What happened to the public intellectuals that used to challenge and inform us? Who is the Sartre or De Beauvoir of the internet age? General Intellects argues we no longer have such singular figures, but there are, instead, general intellects whose writing could, if read collectively, explain our times. Covering topics such as culture, politics, work, technology, and the Anthropocene, each chapter is a concise account of an individual thinker, providing useful context and connections to the work of the others.
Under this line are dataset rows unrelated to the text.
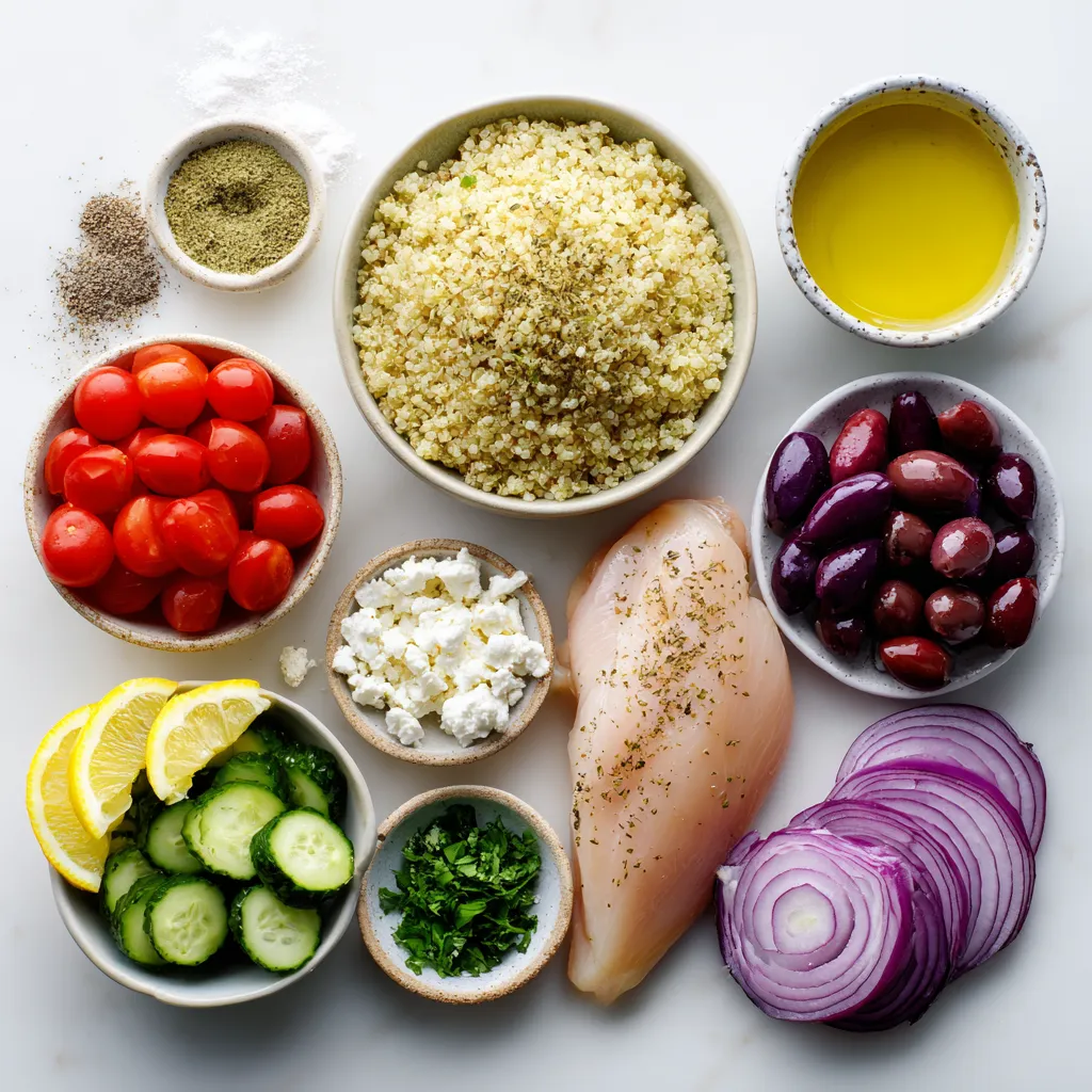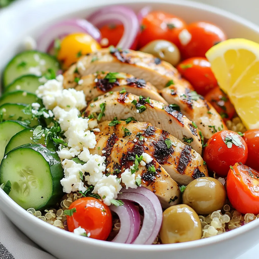 In bowls, start with a base of cooked quinoa. Top with sliced chicken, cherry tomatoes, cucumber, red onion, olives, and crumbled feta cheese.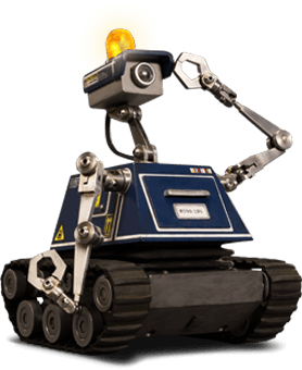 Mugg-1N5 is a robotic sidekick with a security camera head with a dark yellow headlight a blue filing cabinet stomach and a wheel cart movement.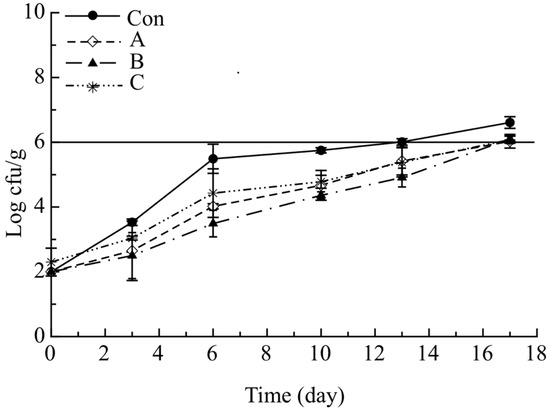 Evolution of Pseudomonas spp. in breaded cod sticks during storage at 4 °C. Data are presented as mean ± SD (n = 2). Symbols: experimental data; Solid Line: threshold for microbial acceptability set to 106 log cfu/g. Con: sticks breaded with sole no active mix; A: sticks breaded with sole active mix; B: sticks breaded with pomegranate peel powder/no active mix; C: sticks breaded with pomegranate peel powder/active mix.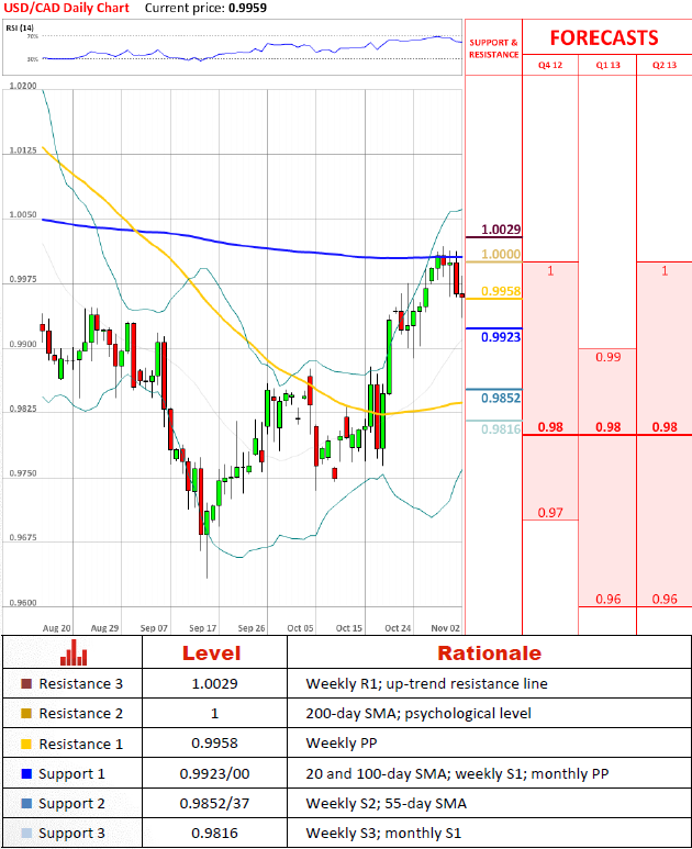 The 200-day SMA did not permit development of an up leg and therefore initiated a bearish correction. Support at 0.9958 has already gave in, exposing 0.9923/00, which in turn may prompt buyers to activate and drive the price back to parity and possibly even higher. Technical indicators for now are mixed, adding to obscurity surrounding the near-term outlook.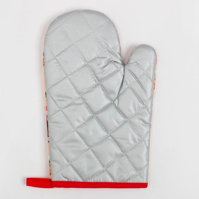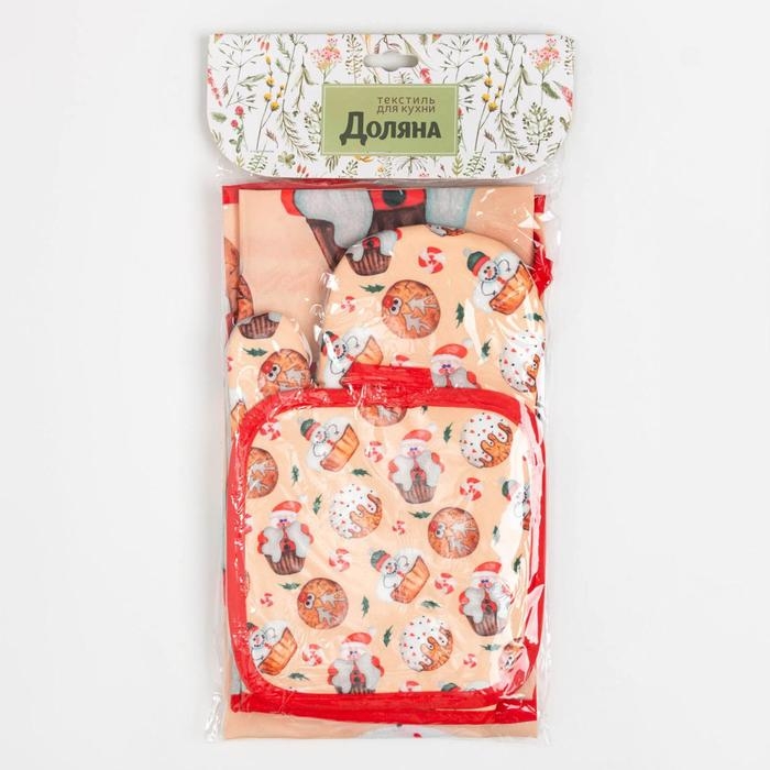 Кухонный новогодний набор Доляна Christmas прихватка 17*17см, варежка 26*16 см, фартук 60*80 см,100% п/э

McKenzie Wark’s distinctive readings are appreciations, but are nonetheless critical of how neoliberal universities militate against cooperative intellectual work that endeavors to understand and also change the world.”

The thinkers included are Amy Wendling, Kojin Karatani, Paolo Virno, Yann Moulier Boutang, Maurizio Lazzarato, Franco “Bifo” Berardi, Angela McRobbie, Paul Gilroy, Slavoj Žižek, Jodi Dean, Chantal Mouffe, Wendy Brown, Judith Butler, Hiroki Azuma, Paul B. Préciado, Wendy Chun, Alexander Galloway, Timothy Morton, Quentin Meillassoux, Isabelle Stengers, and Donna Haraway.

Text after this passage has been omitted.